# What is your coffee workflow?



## mho (Jun 7, 2012)

Hi all,

I have been a lurker on here for many years and now due planning a new kitchen I am close to having a new coffee brewing set up. It has got me thinking about the coffee making process at home and how it can be as streamlined and pleasurable as possible. I apologise for the long post but would really appreciate your opinion and would like to learn about how you are making coffee at home.

My wife and I are keen coffee drinkers and I would like to have a 'proper' coffee set up in our home. As we are going to have a new kitchen put in I wanted to make sure it is designed to incorporate our new coffee station. From reading lots of information on this forum I think I have decided on my ideal combination:

Machine: Lelit Mara PL62 - for the small footprint and to be able to steam milk and brew espresso at the same time.

Grinder: Niche grinder - I like the concept and it is aesthetically pleasing, seems to have got loads of good reviews.
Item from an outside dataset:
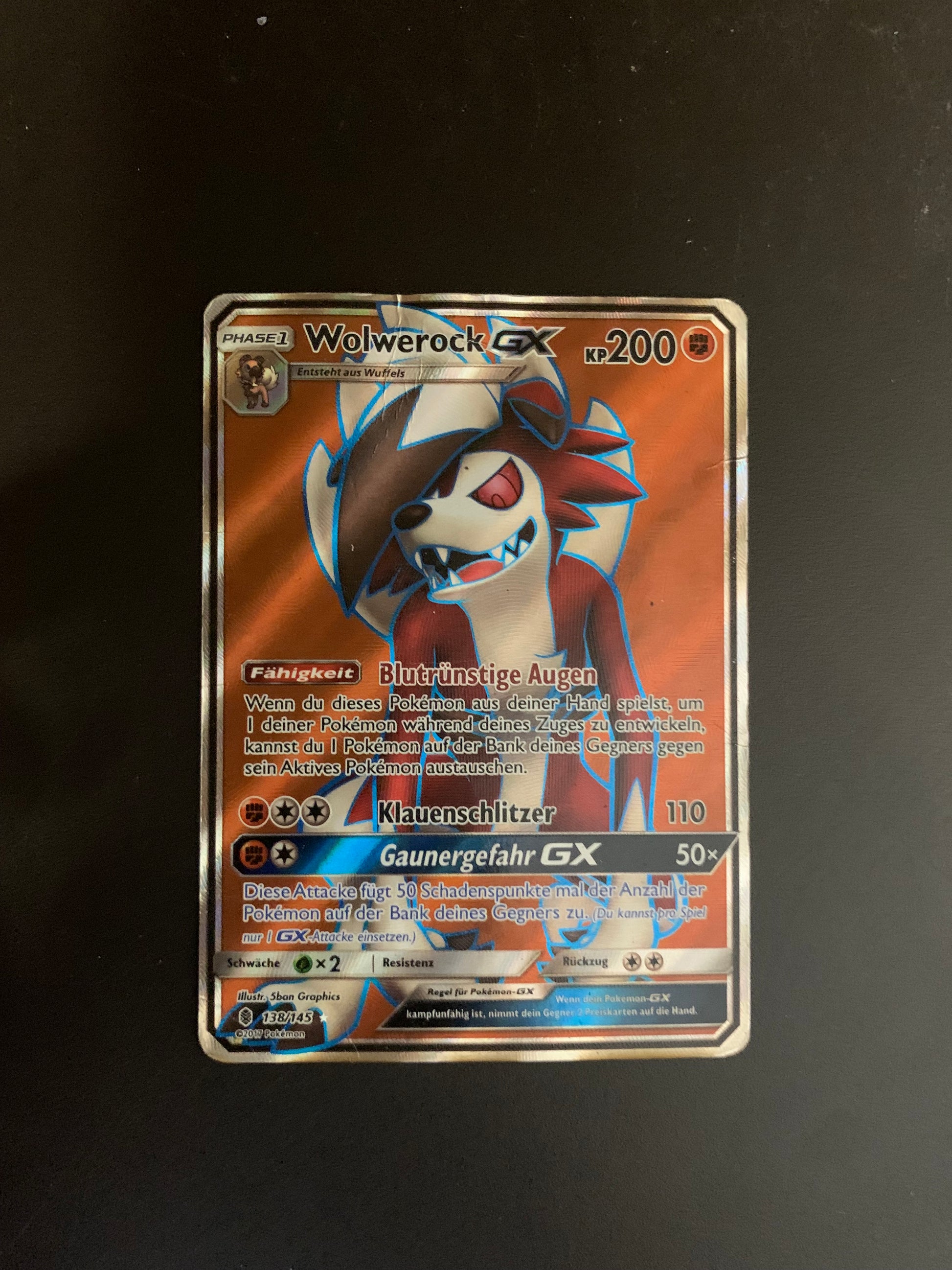 Pokemon Karte GX Fullart Wolwerock 138/145 Deutsch

Thinking that this was all I needed to decide upon I have now come across the topic of having the right water for it! I live in London so the water is very hard. I don't drink bottled mineral water at home (I drink tap water) and I wouldn't like to buy bottled mineral water because that is a lot of plastic to add into my life and also I'd need to find space to store it. I then read about the Osmio Zero which actually sounded like a great product, can get drinking water from it, hot water and boiling water. I am thinking of getting a Quooker boiling water tap and was thinking that this Osmio Zero could replace it, but thinking about it more I don't think that it would. I'd need to have more boiling water for cooking than the Osmio can provide at one time, and I was also thinking about how to fill the coffee machine. The coffee machine has a 2.5L water tank, if using the Osmio Zero to fill up there would be a bit of waiting time as it can only dispense approx 1.2L at a time before it needs to filter more. The quooker taps have an option to add a filter to it, but is this good enough? How do you supply your machine with the right water?

In the morning I like to have an espresso before work. I've read that these coffee machines can take approximately 30 minutes to get up to temperature, how do you manage your first coffee in the morning? I was thinking that I could connect the machine to a smart plug and tell the plug to turn on 30 mins before I wake up, would that work? I usually have an espresso in the morning and my wife have a latte. If we do not have any guests over then there may be a second coffee early afternoon, do you turn off your machine in between or do you keep it on? If it is kept on then does the coffee machine use a lot of energy to keep warm?

I am excited at having a new set up but now also thinking if it is worth all of the hassle (and money). We had a nespresso machine, start up time and ease of use was amazing but I do want a better coffee at home and have more choice in the beans that I can use.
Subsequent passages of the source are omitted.